There should be an obvious answer to this, but once you step past “it’s the stuff the programs store on disk”, things get a little bit murky. So let’s try to shine some light on it. Here, slightly adapted, is the Merriam-Webster on-line definition of data:
- Data is factual information used as a basis for reasoning, discussion, or calculation
- Data is information output by a sensing device or [biological] organ
- Data is information in numerical form that can be digitally transmitted or processed
What’s clear from this is attempt to nail data, is that the first two definitions are technically surplus to our digital requirements. All factual information can be digitized and all sensory output, whether biological or otherwise, can probably be digitized too. Nevertheless, these definitions usefully point out that data can be analyzed (definition 1), experienced (definition 2) or moved around and processed (definition 3).
From The Dawn of Computing
In the early years, the commercial pay-off from computers was in doing calculations on “structured data,” often in accounting systems, banking systems and insurance systems. Computer data was simple; numeric or alphabetic. There was structured data and there were programs. Programs, which “did all the thinking”, were data too. And the relationship between programs (the smart stuff) and ordinary data was horribly intimate. The program knew the structure of the data and the data files usually held no trace of their own structure.

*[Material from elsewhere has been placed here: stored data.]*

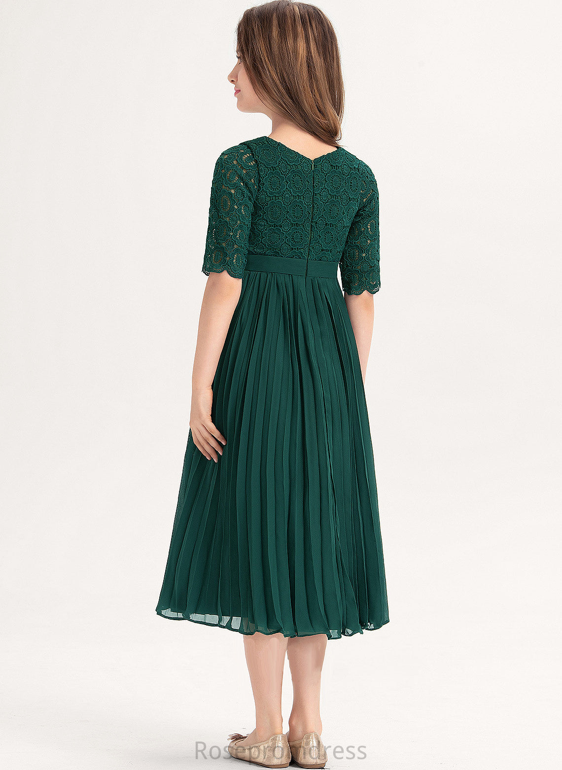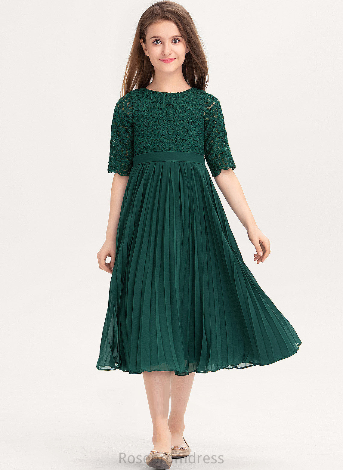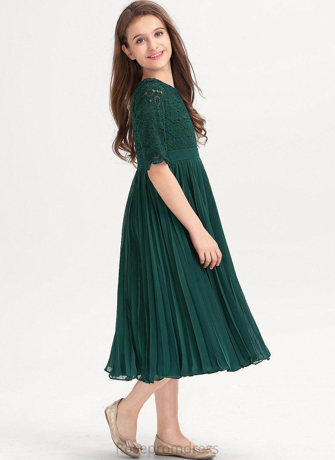 Neck A-Line Fiona With Tea-Length Junior Bridesmaid Dresses Scoop Chiffon Pleated Lace
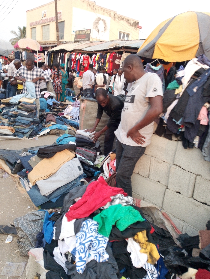 A bustling outdoor market scene with people browsing through piles and racks of clothing. A man in a gray shirt stands near a heap of colorful garments, while another person sorts through stacked jeans. A building with a large advertisement overlooks the market, and overhead, a striped awning provides shade. There are clothes hanging on racks in the background. The ground appears cluttered with discarded items and debris.
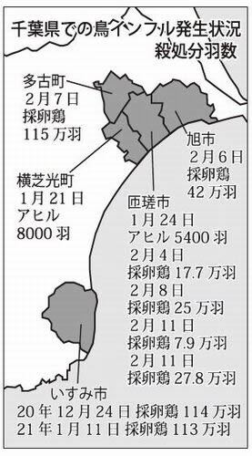 いすみ市、横芝光町、匝瑳市、さらに旭市、多古町と広がっていって、千葉県全体で470万羽を殺処分した。茨城県の鶏卵大手のイセフーズにも広がっている。
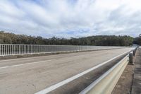 A coastal road winds its way along the water's edge, with a clear blue sky overhead. Trees frame the view, providing a picturesque backdrop. The road is lined with a wood fence and guard rails, ensuring safety.
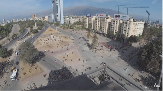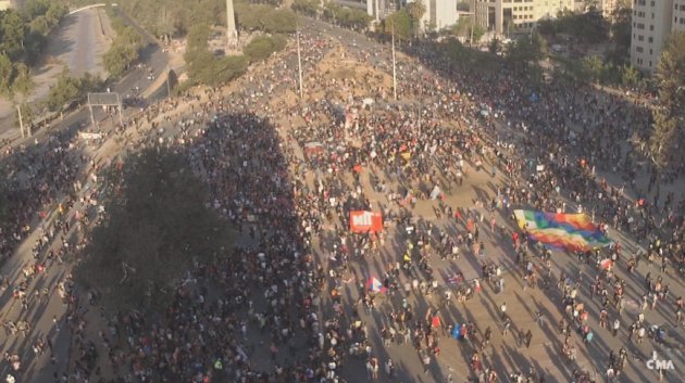 | Carabineros sigue dispersando a los manifestantes que intentan reunirse en el sector de Plaza Italia. En el monumento al General Baquedano se observan banderas del movimiento "No AFP".
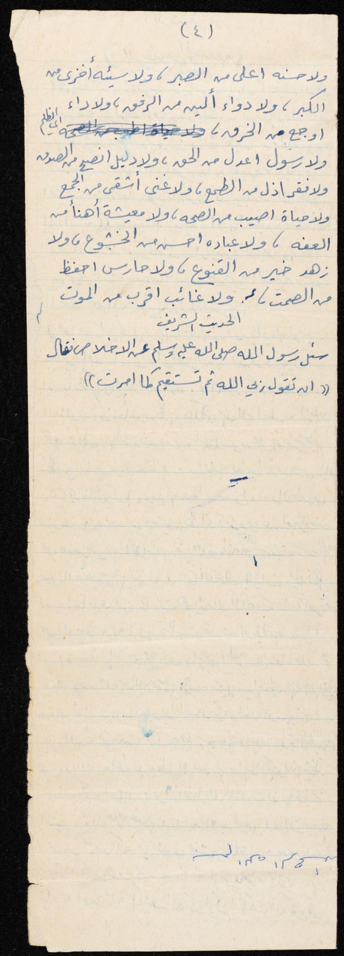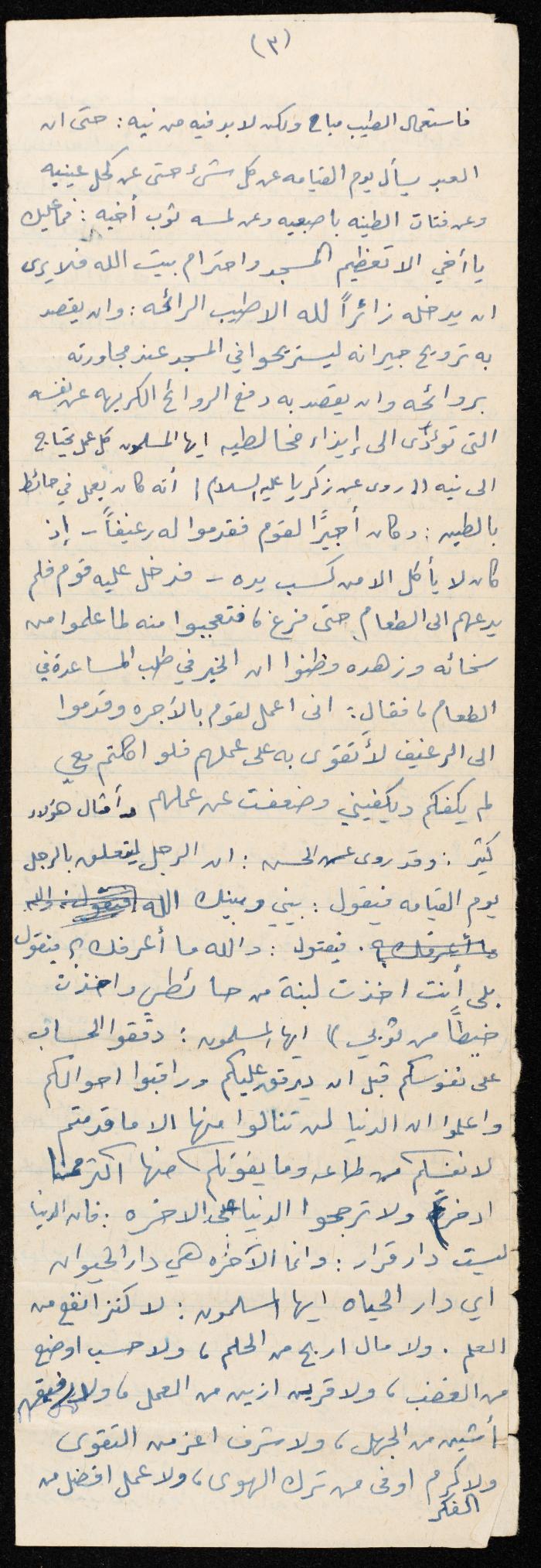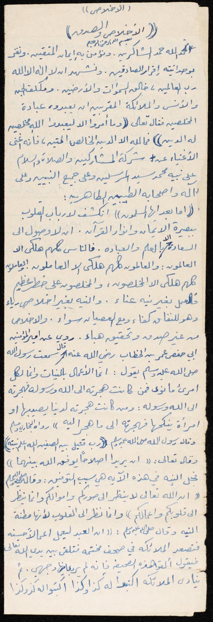 وثيقة مكتوبة بخط اليد تتضمن خطبة يوم الجمعة بعنوان "الإخلاص والصدق"، ألقاها الإمام معروف اشتية في مسجد في قرية سالم شمال شرق نابلس في ثمانينيات القرن العشرين. بدأها بحمد الله، ثم تحدث حول سعادة الإنسان التي لن يصلها إلا بالعلم والعمل، كما تحدث عن أهمية إخلاص النية، مدعمًا خطبته بعدد من الآيات القرآنية والأحاديث النبوية.

That was such a bad idea for so many reasons that it soon got fixed. The solution was called a “database.” This introduced a third kind of data, called metadata; the data that defined the structure of a data file (or table.) And that was the only data we had, until those inconvenient IT users barged into the world of computing. We had kept them quiet with endless reams of printed reports – using structured data exclusively, but once the PC appeared and acquired a GUI, the game was up.
The Empowered Ones
Those greedy PC users were mad for every kind of data you can imagine: text, graphics, photos, sound, video. They didn’t just want to update databases, they wanted to write letters, manage spreadsheets, draw diagrams, mess with photos and even play video games. There was no holding them back. You might think this created many other kinds of data, and it did, but technically, it simply created more data types or – a mild innovation – collections of data types.
Sound is digitized in a different fashion to an image and that’s different to text. When you digitize information in a new way, you create a new data type. If you bag several data types together, you create a collection. So with the PC there was a massive growth in data for direct consumption by people, but technically, there wasn’t much that was new in the way of data. But something new and important had been added; mark-up instructions. These were instructions on how to present data, on a screen or on the printed page. They were program instructions of a kind; ones that lived with the data. So the raw data, whether it was text or an image, was accompanied by both metadata (defining the data types) and usage information.
Passing It Around
We can complete the whole story by adding in communications, which really means communication between one program and another. Physically, data may be a stream of photons when it is passed as light down a fibre optic cable and it may be waves of electromagnetic radiation when it flies through the ether, but its always a stream of electrons that define digitized data when it eventually meets a program.